Der Hafen von Santos in Brasilien / Copyright: Wikipedia, Creative Commons, C. Bunks

Im Jahr 2011 hat Brasilien mit einem Volumen von 1,6 Prozent aller gehandelten Waren seinen Anteil am weltweiten Handel weiter ausgebaut. Es ist dies der höchste Anteil seit dem Jahr 1950 und Brasilien liegt damit auf dem 20.-22. Platz der Weltrangliste. Dass sich daran aller Anstrengungen zum Trotz so schnell nichts ändern wird, ist das Ergebnis einer Studie der Vereinigung der brasilianischen Exporteure (Associação de Comércio Exterior do Brasil, kurz: AEB). Diese Studie hatte zum Ziel, die Struktur der Exporte und Zusammenhänge in der Exportwirtschaft Brasiliens zu untersuchen.

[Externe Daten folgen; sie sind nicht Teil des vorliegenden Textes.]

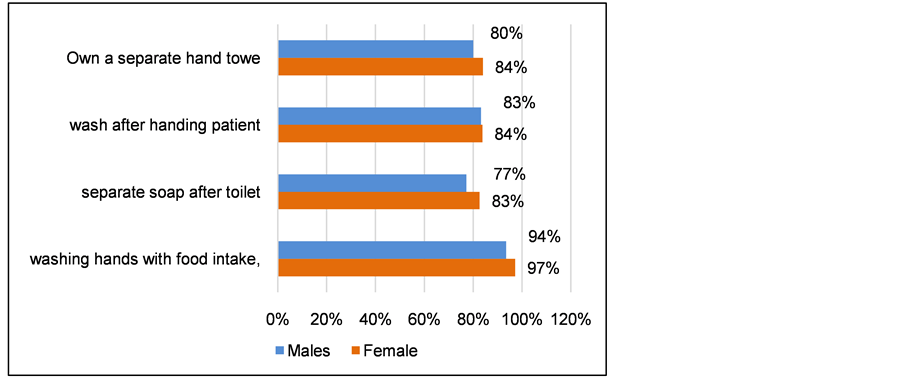 This part (Table 3) deals with practical aspects of daily life. The majority of respondents (95%) wash their hands before and after food intake, 85% uses soap and water, but a considerable number (8%) use only water and very few uses alcohol base cleansing agent. 84% wash their hands after handling patients. Above 80% keep their own soap and towels after using the toilet. Figure 1 shows male and female responses on hand hygiene practice, there is marginal difference in washing hands before and after food intake and other practices, both cases have an odd of 0.4 and an odd ratio of 1 showing no significant differences in both sexes.
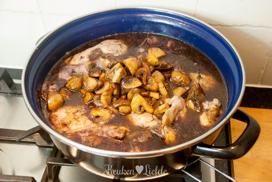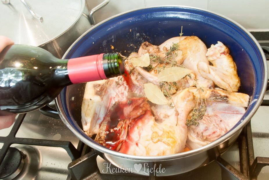 Leg de stukken kip (velkant naar beneden) op de groenten, voeg de tijm en laurierblaadjes toe en giet de rode wijn erbij. Voeg zoveel rode wijn toe, totdat de kip net niet helemaal onderstaat. Voeg ook de gebakken champignons weer toe aan de kip.
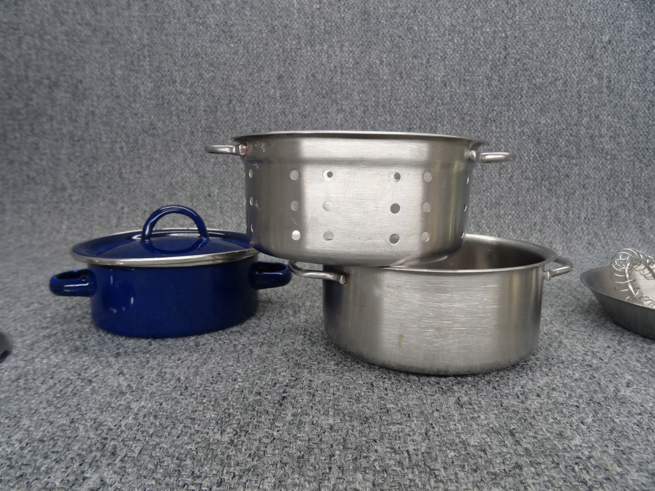 Набір мініатюрних металевих каструль, сковороди, качалки, тарілок

Brasilien ist mit einem Mengenanteil von 80 Prozent noch immer hauptsächlich Exporteur von Primärgütern. Als Primärgüter versteht man Waren wie Erze, Kohle, Holz, Baumwolle, Getreiden und andere Produkte, die hauptsächlich als Rohstoffe für die Produktion anderer Güter benötigt werden. Da diese Güter keinem eigentlichen technisch-industriellen Veredelungsprozess unterliegen, haben diese auch nur in sehr geringer Maß eine Wertschöpfung innerhalb der brasilianischen Wirtschaft. Preislich gesehen machen die Primärgüter damit auch nur 70 Prozent der Exporte aus, was zu einem Teil bereits das Problem an der Struktur der exportierten Waren verdeutlicht. In Zahlen bedeutet dies, dass in 2011 von 544 Millionen Tonnen an exportierten Waren rund 447 Millionen Tonnen Primärgüter waren.

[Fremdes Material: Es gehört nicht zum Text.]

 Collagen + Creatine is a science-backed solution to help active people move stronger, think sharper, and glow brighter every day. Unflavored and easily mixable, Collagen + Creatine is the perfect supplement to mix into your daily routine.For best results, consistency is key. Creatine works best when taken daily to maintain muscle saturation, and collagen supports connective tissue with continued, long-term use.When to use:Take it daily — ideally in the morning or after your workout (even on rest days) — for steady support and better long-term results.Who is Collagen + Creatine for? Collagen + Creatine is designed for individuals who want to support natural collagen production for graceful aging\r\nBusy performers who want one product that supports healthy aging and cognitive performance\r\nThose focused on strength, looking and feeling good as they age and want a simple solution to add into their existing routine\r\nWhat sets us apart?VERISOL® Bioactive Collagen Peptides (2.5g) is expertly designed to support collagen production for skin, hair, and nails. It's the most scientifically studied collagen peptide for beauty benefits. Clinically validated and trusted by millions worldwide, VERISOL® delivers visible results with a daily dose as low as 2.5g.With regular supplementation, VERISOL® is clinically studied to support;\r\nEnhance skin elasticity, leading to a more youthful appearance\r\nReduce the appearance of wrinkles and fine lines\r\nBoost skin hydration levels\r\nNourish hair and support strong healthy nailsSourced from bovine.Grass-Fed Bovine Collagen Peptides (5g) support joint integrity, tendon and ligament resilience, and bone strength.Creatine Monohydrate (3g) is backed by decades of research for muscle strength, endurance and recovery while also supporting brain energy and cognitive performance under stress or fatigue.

Die Struktur der brasilianischen Exportwirtschaft basiert damit zu einem großen Teil auf sehr einfacher industrieller Produktion und hängt sehr stark von Preisentwicklungen am Weltmarkt ab. Die Steigerungen der Exporte wie sie für das Jahr 2011 gemeldet werden konnten, sind damit keine tatsächlichen Mengenänderungen, sondern der Veränderung der Preise geschuldet. Die Studie der AEB kommt damit auch zu der Schlussfolgerung, dass wenn Brasilien seinen Platz innerhalb der weltweiten Rangliste verbessern möchte, dann muss der Anteil der Industrieprodukte an den Exporten deutlich steigen.

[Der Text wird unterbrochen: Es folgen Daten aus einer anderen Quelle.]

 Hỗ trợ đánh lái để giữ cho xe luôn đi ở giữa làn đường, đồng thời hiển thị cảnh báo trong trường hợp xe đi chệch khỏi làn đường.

Eine Steigerung des Anteils der Industrieproduktion für den Export würde für Brasilien nicht nur Stabilität und mehr Unabhängigkeit von den volatilen Rohstoffpreisen bedeuten. Auch die Wertschöpfung innerhalb der brasilianischen Wirtschaft würde gesteigert und Arbeitsplätze nicht mehr im Ausland geschaffen, so der Vorsitzende der AEB, José Augusto de Castro. Bisher würden mit den exportierten Rohstoffen Arbeitsplätze in der chinesischen Industrie geschaffen, deren Produkte dann wiederum nach Brasilien importiert werden. Nach Ansicht von José Augusto de Castro müsste Brasilien diese Struktur verändern, wenn es seine Position im Welthandel langfristig verbessern möchte. (mas)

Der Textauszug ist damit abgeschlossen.